Following the consolidation, ITC Ltd carried on the hospitality business, rapidly scaling up its presence by building some of the most expansive hotels across the country, including ITC Sonar and Royal Bengal in Calcutta.

In the corporate structure now being proposed, ITC Ltd will have a direct stake of 40 per cent, while the shareholders of ITC will get the balance 60 per cent proportionate to their holding in ITC Ltd.

ITC’s stake, akin to a promoter’s holding, will ensure stability and continuity of the hotel business while harnessing the enterprise strength of the conglomerate which has a strong presence in linked sectors such as FMCG, agriculture and packaging.

The balance stake, in contrast, is going to give existing shareholders an exit option while opening the door to appropriate investors and strategic partners who are keen to participate exclusively in the hospitality sector.

The ITC board accorded an in-principle approval to the demerger of the hotel business under a scheme of arrangement and incorporation of a wholly-owned subsidiary on Monday.

Details of the proposed reorganisation, including the scheme of arrangement, shall be placed for approval of the board at its meeting on August 14, 2023.

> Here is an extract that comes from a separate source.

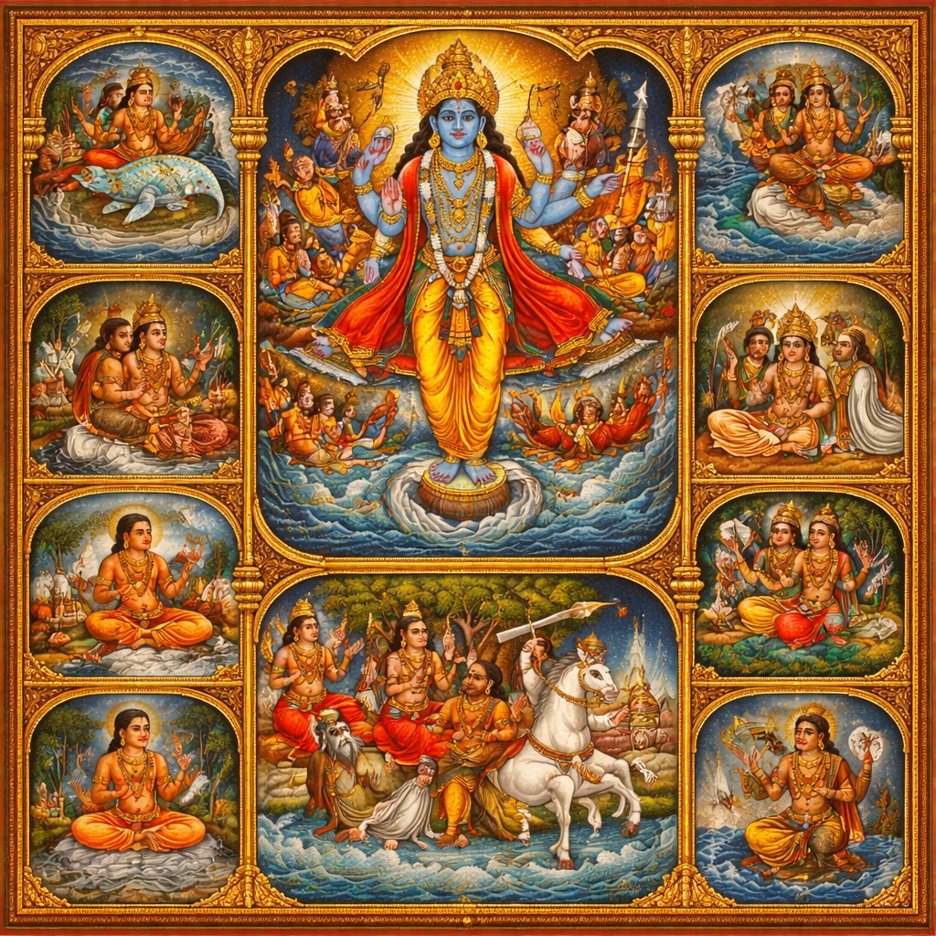 The opening section narrating the divine incarnations (avataras) of Vishnu, cosmic creation myths, and the foundational theology of the Agni Purana.

In a statement, the company said this move also reinforces the sharper capital allocation strategy put in place in recent years, manifested in the pivot to ‘asset-right’ strategy in the hotels business.

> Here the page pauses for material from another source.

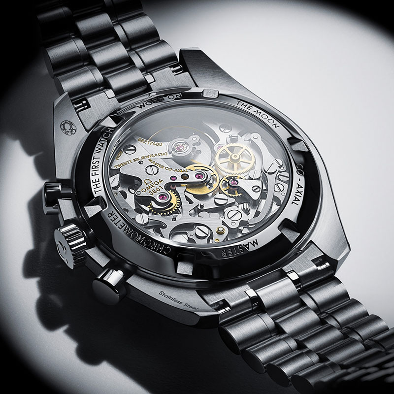Spre deliciul fanilor Moonwatch, luneta din aluminiu anodizat negru a primit celebrul "Dot over Ninety" pe scara tahimetrică, în timp ce, în interior, ceasul este acţionat de Calibrul Co-Axial Master Chronometer 3861 - cea mai actuală versiune a legendarului Calibru 321 în care au avut încredere astronauţii de pe Lună.
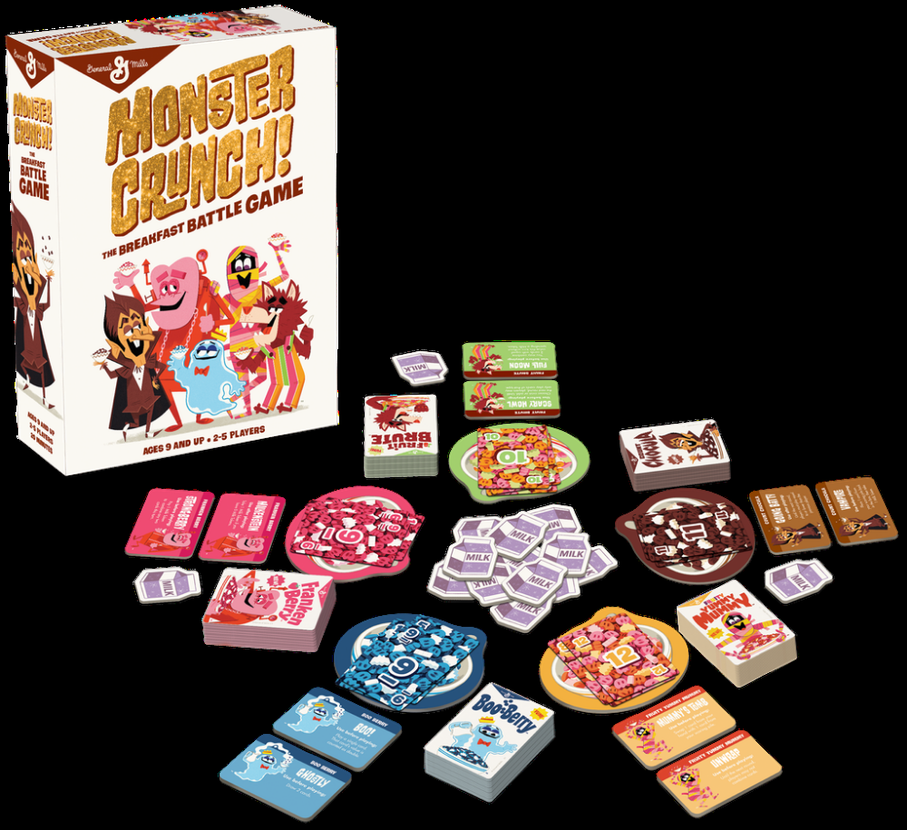Neste jogo rápido de sorte e estratégia, os jogadores colecionam tantas Cereal Cards em suas taças quanto possível. Cada monstro tem poderes especiais para lhe dar uma vantagem e ajudá-lo a devorar o maior número de cereais. Use Tokens de leite para combinar cartões de cereais e mordidas maiores. O personagem Monster Cereal que mais comer ganha o jogo!

After ploughing in internal resources to build properties, it is now focusing on management contracts. ITC now owns and manages 120 hotels having 11,600 rooms in 70-plus destinations under ITC Hotels, Mementos, Welcomhotel, Stori, Fortune brands. Half of the rooms are now under management contract.

The Telegraph

Commenting on the development, Sanjiv Puri, chairman of ITC, said: “The proposed demerger of the hotels business is a testament to the company’s commitment to creating sustained value for stakeholders. Creation of a hospitality focused entity will engender the next horizon of growth and value creation by harnessing the exciting opportunities in the Indian hospitality industry. In the proposed reorganisation, both ITC and the new entity will continue to benefit from institutional synergies.”

In FY23, the hotel business had posted a revenue of Rs 2,689 crore and an EBIT (earning before interest and tax) of Rs 557 crore, representing 3.2 per cent and 2.2 per cent of ITC’s revenue and EBIT.

On July 5, Nuvama Institutional Equities had accorded Rs 8 a share value to the hotel business on SoTP (sum of total parts) basis with a target price of Rs 500 for ITC.

After the announcement, the ITC stock slumped by 3.87 per cent, or Rs 18.95 apiece, to close at Rs 470.90 on the BSE. It had touched an all time high of Rs 499.60 prior to it.